Dougan was born in Glasgow, Scotland in 1987. He grew up in the Partick area in the west end of the city where he lived with his mother, father and younger brother John. He was born prematurely which resulted in a cerebral palsy diagnosis at a young age. Despite the restrictions that came with his condition, he was a keen footballer.

In 2001 at age 14, he underwent a major surgical procedure to install metal plates in each of his hips in order to strengthen the surrounding muscles. This procedure left him unable to walk. He then took up wheelchair basketball, and played for the Bathgate based team Lothian Phoenix.

Before embarking on a career as a television presenter, Dougan worked as a barman from a stool and later in the carpentry department for a council-led organisation named Blindcraft (now RSBI). Here, where fifty per cent of the workforce identified as disabled, he assisted in the building of kitchens, sofas and more.

==Career==

Dougan first came to prominence when he was selected as part of Channel 4's Half Million Quid Talent Search in 2010. This opportunity provided a training programme for a select group of aspiring presenters in the lead-up to the 2012 Summer Paralympics in London. During this process he was an Olympic torchbearer at Meadowbank Stadium in Edinburgh, covered the 2011 BT Paralympic World Cup in Cardiff, Wales and assisted in the coverage of the London games.

Between 2013 and 2022, Dougan was one of the main presenters on the BBC daily news bulletin Newsround. He remains one of the show's longest-serving presenters in its fifty-plus-year history. As part of his work at Newsround, he interviewed many high-profile individuals and covered various major world events. These events included the 2014 Commonwealth Games in Glasgow, 2016 Summer Paralympics in Rio de Janeiro, 2018 Commonwealth Games in Gold Coast and the 2024 Summer Paralympics in Paris. He also produced and presented short documentary features for the show. One of these features, Frontline Families, led to Dougan being nominated for a BAFTA Award in the Children/Factual Category in 2014. While another detailed the global impact of climate change, and as part of the production Dougan led a team to Fiji and Australia. Here they captured examples of how the climate emergency was impacting environments abroad.

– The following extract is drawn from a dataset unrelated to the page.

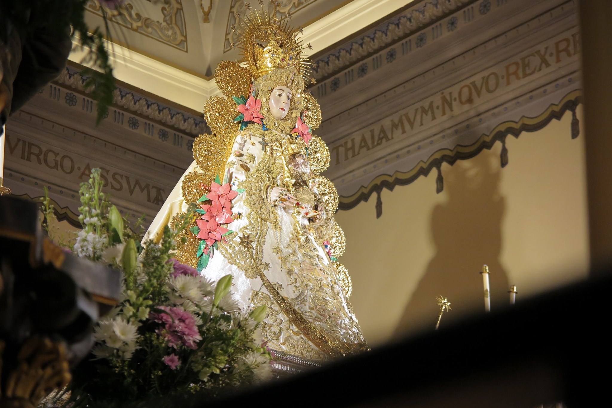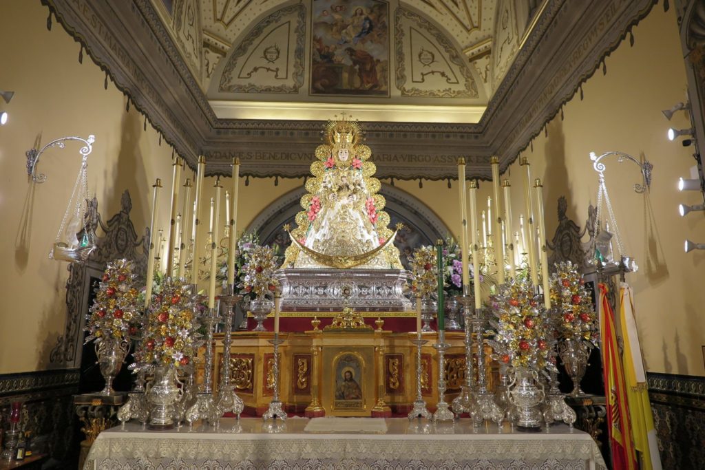 En cuanto al exorno floral, las flores de la Virgen son de talco, combinadas con flores secas. En este apartado, destacar las jarras que engalanan el altar, realizadas artesanalmente y donadas por Mercedes Díaz Sánchez y la familia Díaz Periánez.

In addition to his work at Newsround, in 2015 Dougan became a regular entertainment presenter for the Number One Show on BBC Radio 1, and was billed on the BBC's core presenting team for Glastonbury Festival 2016.

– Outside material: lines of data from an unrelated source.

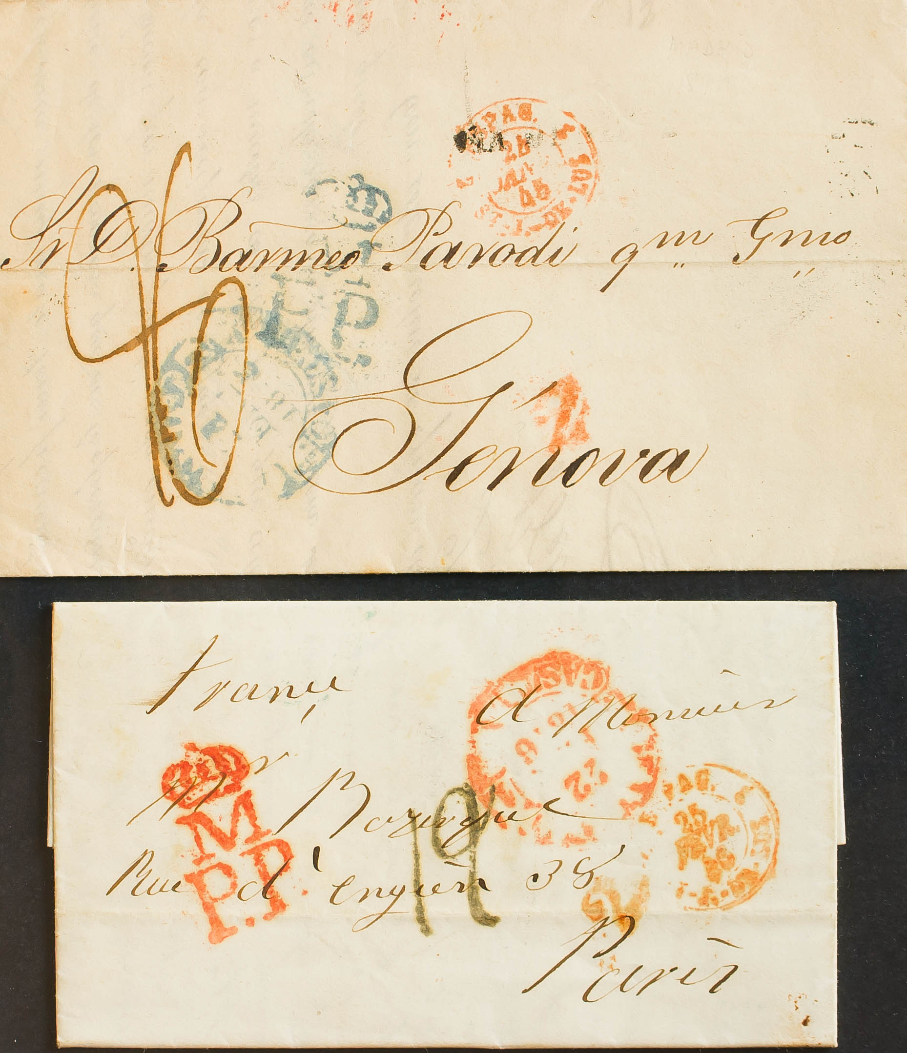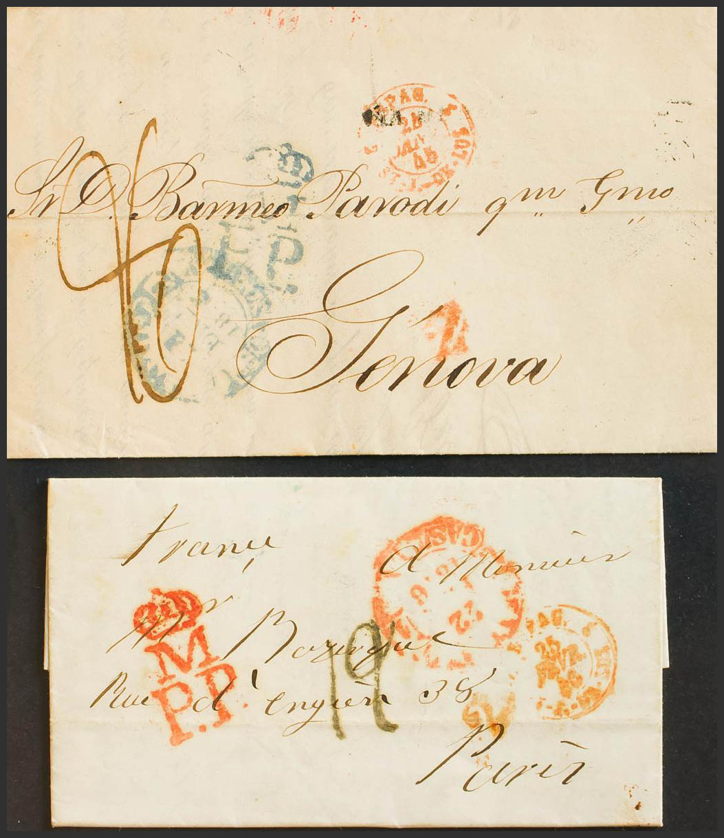 1846. Two letters originating in MADRID and destined for PARIS (FRANCE) and GENOVA (ITALY), respectively, both with the M. / PP mark, in red and blue on each of them (PE85) 2004 edition. MAGNIFICENT.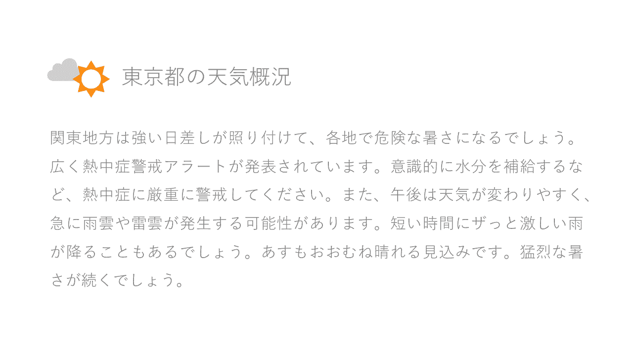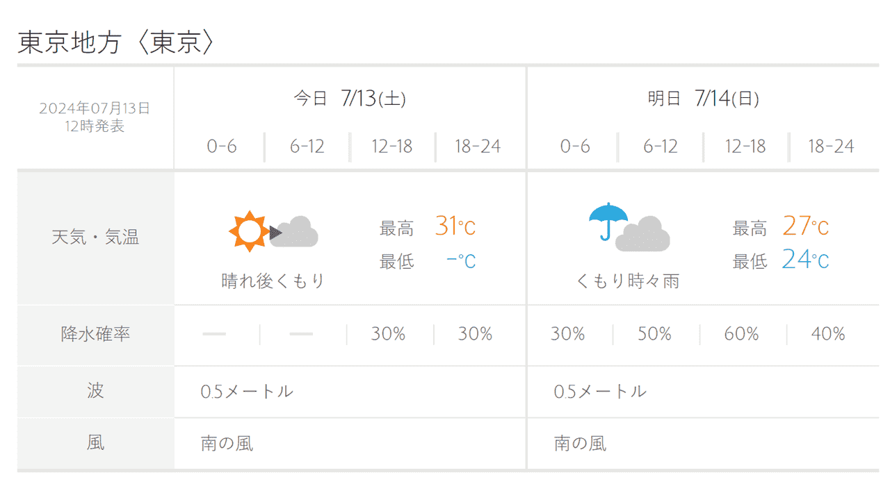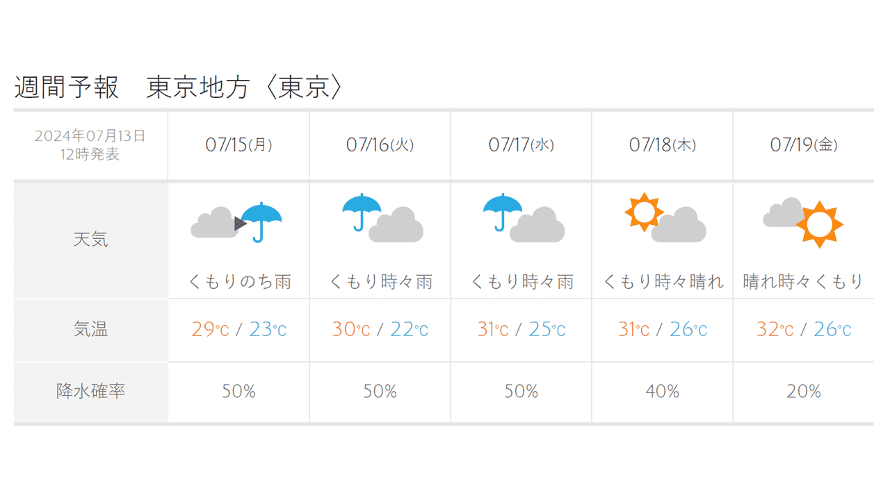 気象庁が発表する各府県予報区における1日毎の天気予報を7日先まで提供いたします。1週間先までの天気予報はもちろん、気温や降水量など様々な要素が一目で確認することができ、お出かけの予定や日常生活に役立てることができます。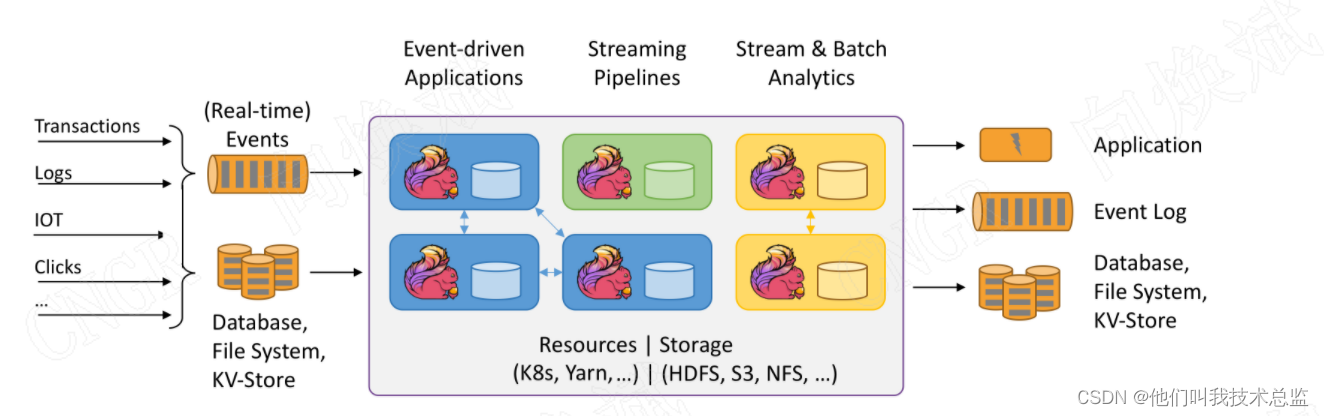 从上面加粗的文字就体现了FLINK的几大优势,擅长处理无界和有界数据 精确的时间控制和状态化。

In April 2022, he chose to step away from Newsround and became a freelance presenter and journalist. However, he still occasionally presents Newsround and covered the Paralympics in Paris for Newsround during 2024. Since 2022, he has regularly contributed to Sky Sports News and BBC Scotland's The Nine.

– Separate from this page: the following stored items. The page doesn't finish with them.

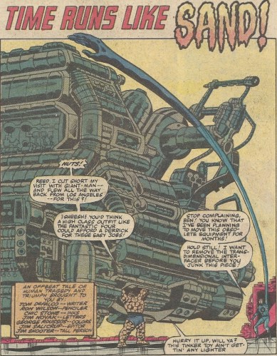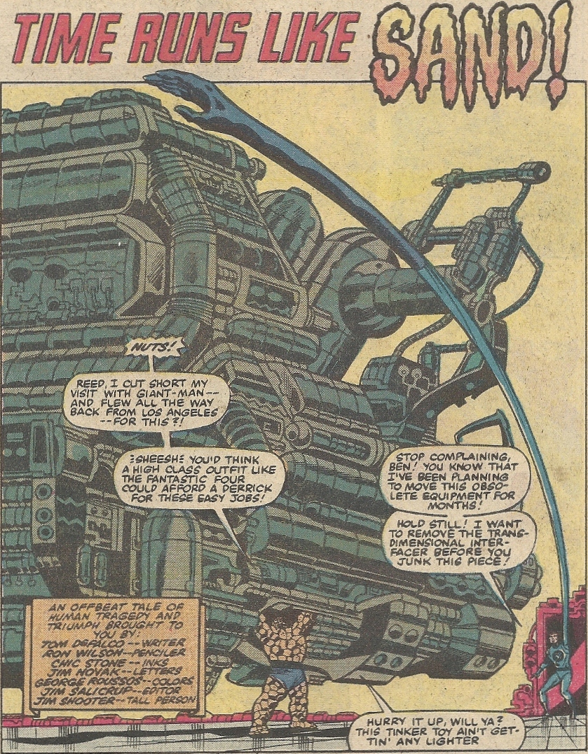The first half (Tom DeFalco, Ron Wilson, Chic Stone) opens with Ben aiding relentless genius Reed Richards with some Baxter Building spring cleaning. I have some sympathy for the big guy here. Being the only six-footer in a family of short people, I was always being called on to get things off of top shelves (and was left wondering why my short relations didn’t just store things on lower ones). Ben has to stop and wonder on occasion why the hell Reed doesn’t either A) build smaller or B) build his own moving crap.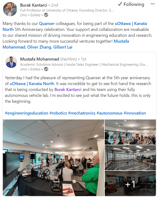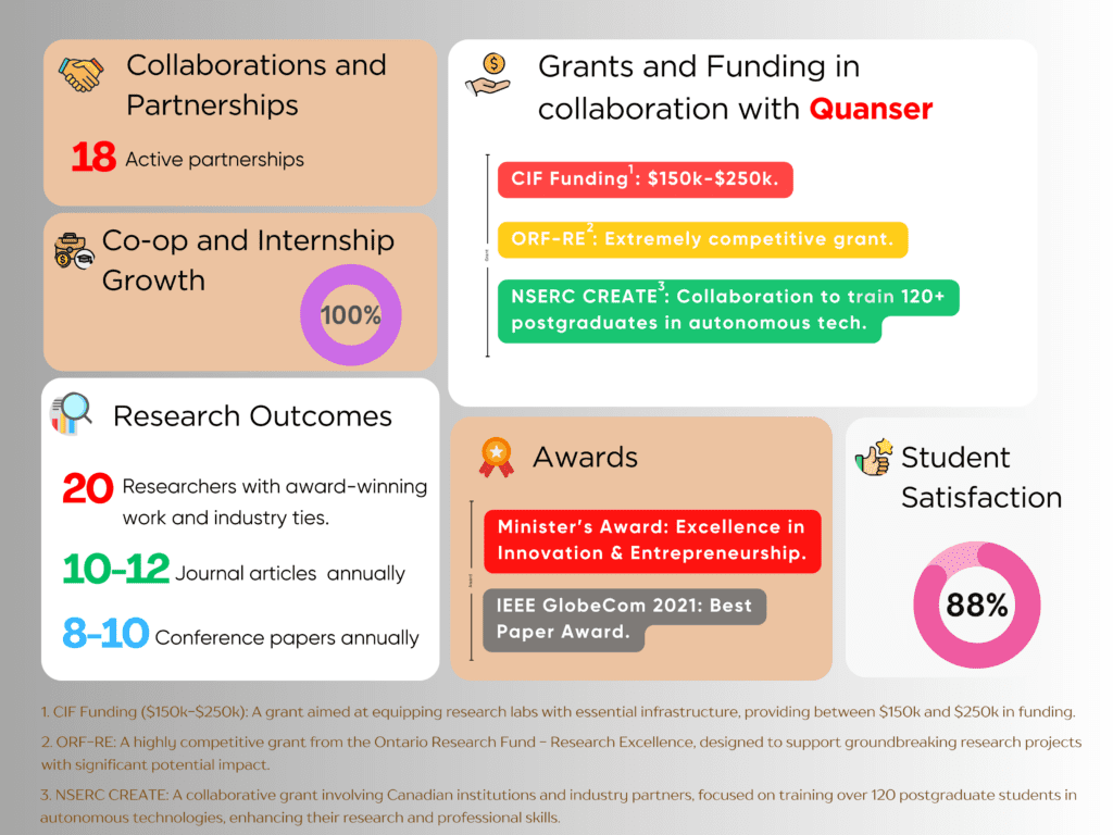 Adopting the Quanser ecosystem has had a transformative impact across multiple aspects, including co-op and internship placements, innovative research outcomes, awards and recognition, as well as securing grants.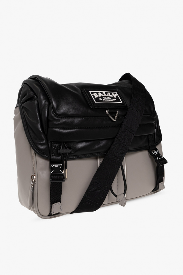 Black and grey ‘Adil’ shoulder bag from Bally. Crafted from leather, this design secures with snaps and showcases a white and black logo patch, a zip pocket on the front, an adjustable shoulder strap, silver-tone metal hardware and one internal compartment with one zip pocket and two slip pockets.

Throughout his career in television, Dougan has appeared as a guest presenter and participant on various other renowned television shows in the UK, including Jeremy Vine, This Morning, Celebrity Pointless and Celebrity Eggheads. As of 2024, Dougan is an ambassador for Sunrise Medical's Quickie Wheelchairs and regularly works alongside the charity Whizz Kidz UK.

==Personal life==

Dougan lives in Manchester, England with his long-term partner Amy, and has one daughter.

He is an avid supporter of Rangers F.C.